◆ DATA SHOWN
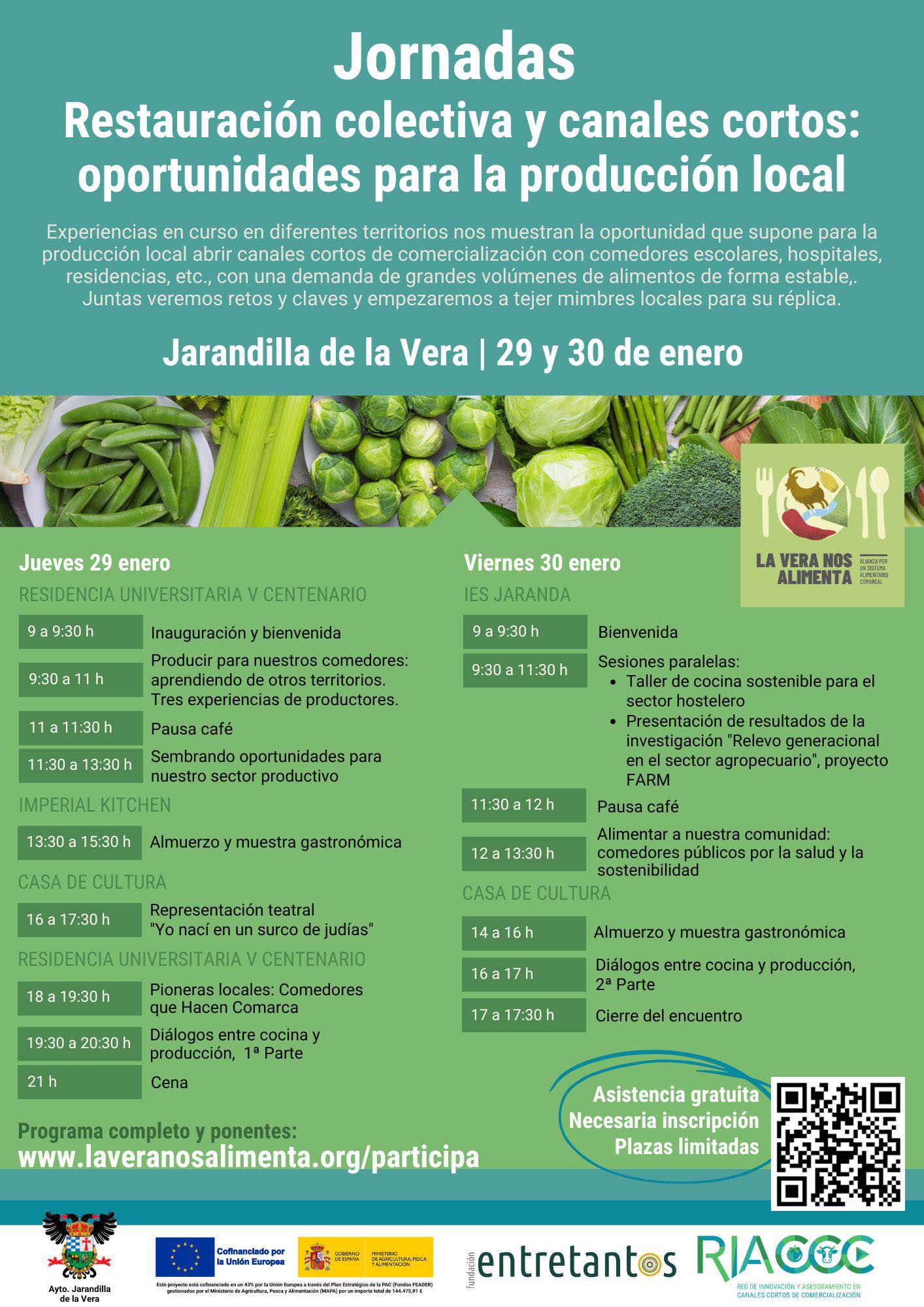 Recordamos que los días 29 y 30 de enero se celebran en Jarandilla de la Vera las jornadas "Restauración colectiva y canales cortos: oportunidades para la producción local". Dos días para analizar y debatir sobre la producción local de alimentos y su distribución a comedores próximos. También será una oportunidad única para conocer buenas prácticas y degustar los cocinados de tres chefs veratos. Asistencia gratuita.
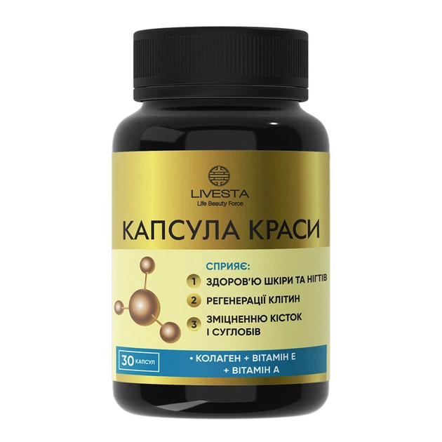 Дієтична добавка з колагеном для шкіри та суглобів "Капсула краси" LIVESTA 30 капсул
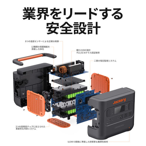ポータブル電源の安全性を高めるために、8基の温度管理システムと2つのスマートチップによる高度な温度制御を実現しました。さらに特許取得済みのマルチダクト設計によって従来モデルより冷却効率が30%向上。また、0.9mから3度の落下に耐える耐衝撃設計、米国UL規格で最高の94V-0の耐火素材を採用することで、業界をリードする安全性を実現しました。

--

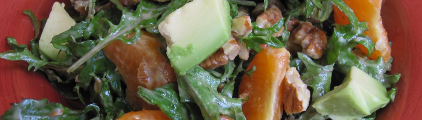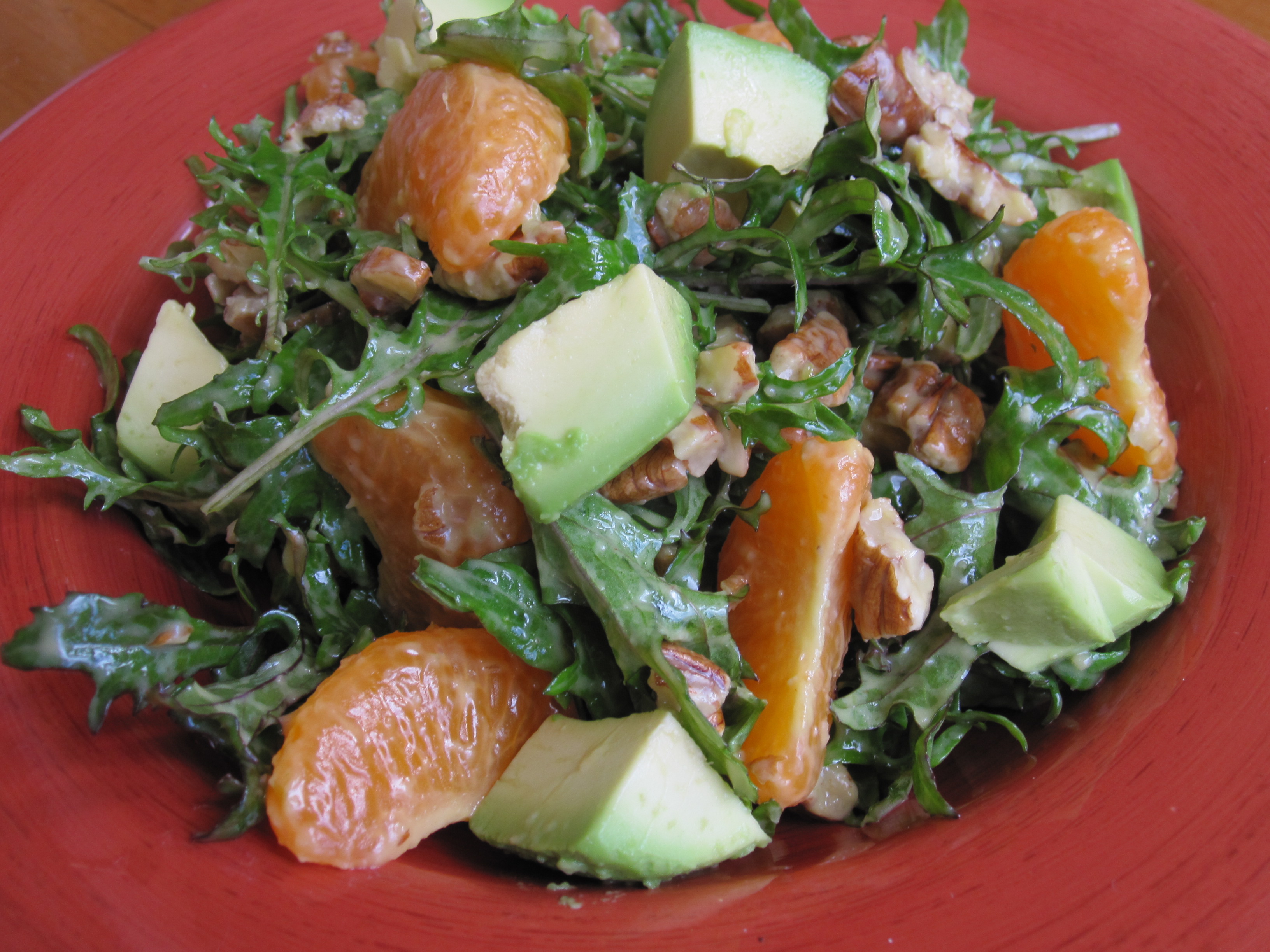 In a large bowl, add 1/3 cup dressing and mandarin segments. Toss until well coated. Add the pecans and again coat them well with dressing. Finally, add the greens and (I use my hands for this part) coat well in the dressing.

◆ EXERCISE OBJECTIVE
Among the entries above, locate the line with "Дієтична добавка з" and the line with "ポータブル電源の安全性を高め". Give those two lines and all lines between them again, exactly, leaving out the pictures.

◆ ANSWER TO THE PROBLEM
 Дієтична добавка з колагеном для шкіри та суглобів "Капсула краси" LIVESTA 30 капсул
ポータブル電源の安全性を高めるために、8基の温度管理システムと2つのスマートチップによる高度な温度制御を実現しました。さらに特許取得済みのマルチダクト設計によって従来モデルより冷却効率が30%向上。また、0.9mから3度の落下に耐える耐衝撃設計、米国UL規格で最高の94V-0の耐火素材を採用することで、業界をリードする安全性を実現しました。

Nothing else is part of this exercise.